Friday, September 22, 2006

They Don't Know What They're Missing

I saw a little comic strip in the newspaper today. Grandma tells kid that he is a "carbon copy" of Dad. Kid turns to Mom and whispers "Mom, what's a carbon copy?"

There are some of us who are old enough to remember "carbon copies". (Hell some of us are old enough to be carbon-dated!). Ahh, the joys of carbon paper. Remember trying to neatly fill out those forms in duplicate or triplicate, with those little, flimsy sheets of carbon paper tucked in between each page of the form?

You'd struggle to keep every sheet lined up perfectly as you pressed hard with your ballpoint pen (are those still around?) to make sure that the pen made copies all the way through. I mean you didn't have to worry so much about page 3, because that was usually the copy you got stuck with, but you had to try your best. And then of course, you'd have to figure out how to separate all the pages from the carbon paper without completely smudging up the whole works. Inevitably, you'd wind up with a nice even black coating all over your hands, and it would just wind up a big mess. All this to make efficient copies. Yay. And just try washing that stuff out of clothes...

And speaking of copies, how many folks remember mimeographs?
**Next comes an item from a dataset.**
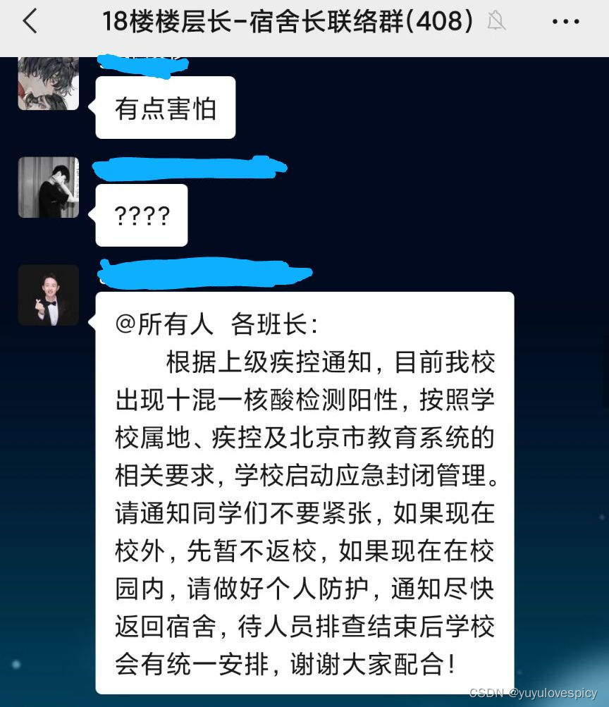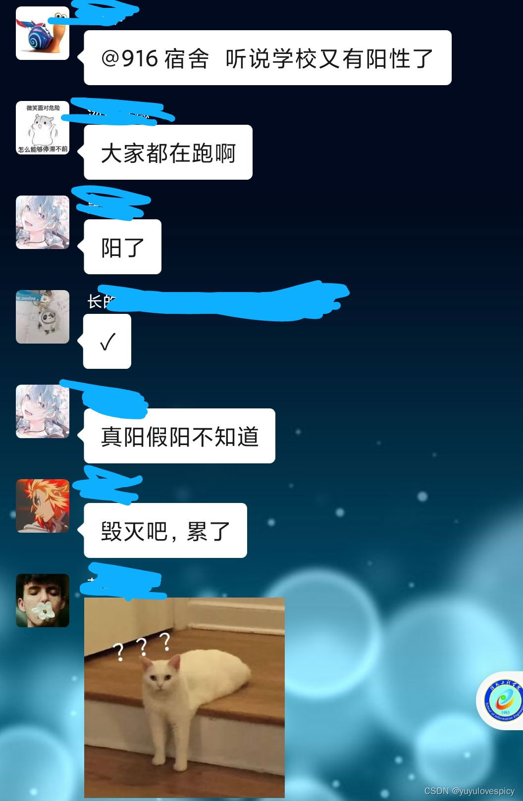 后来学校第一次阳性清零,封寝结束。没错这只是第一次,在清零的第二天,我们学校又阳了!!!第二次漫长的封寝开始!!!

Yeah, who didn't look forward, every day, to the teacher coming in with a stack of white paper, printed in that lovely purple ink? She'd start passing out piles to each row, and everyone would then hand them back to the kid behind them until every kid had his copy. Then, in one fluid motion, every kid would put the sheet to his or her face and sniffffff! Ahh, the paused that refreshed.

Of course, the lucky kids in the last seat in each row would wind up with all the extra mimeo's, which they'd then be required to walk to the teacher's desk. And up they'd walk, sniffing each individual sheet. Ahhhhhhh. This was, incidentally, in a more innocent time, when kids mostly just did this sniffing because the ink smelled good. It wasn't until years later that some smart ass figured out you could get high off a concentration of the mimeograph ink, and ruined it for everyone else.

But I digress.

Some schools and businesses moved ahead in the technology chain, and got themselves a Xerox machine. Xerox machines became very prevalent, so much so, that the name "Xerox" became synonymous with "copy", as in, "hey would you Xerox this page for me?"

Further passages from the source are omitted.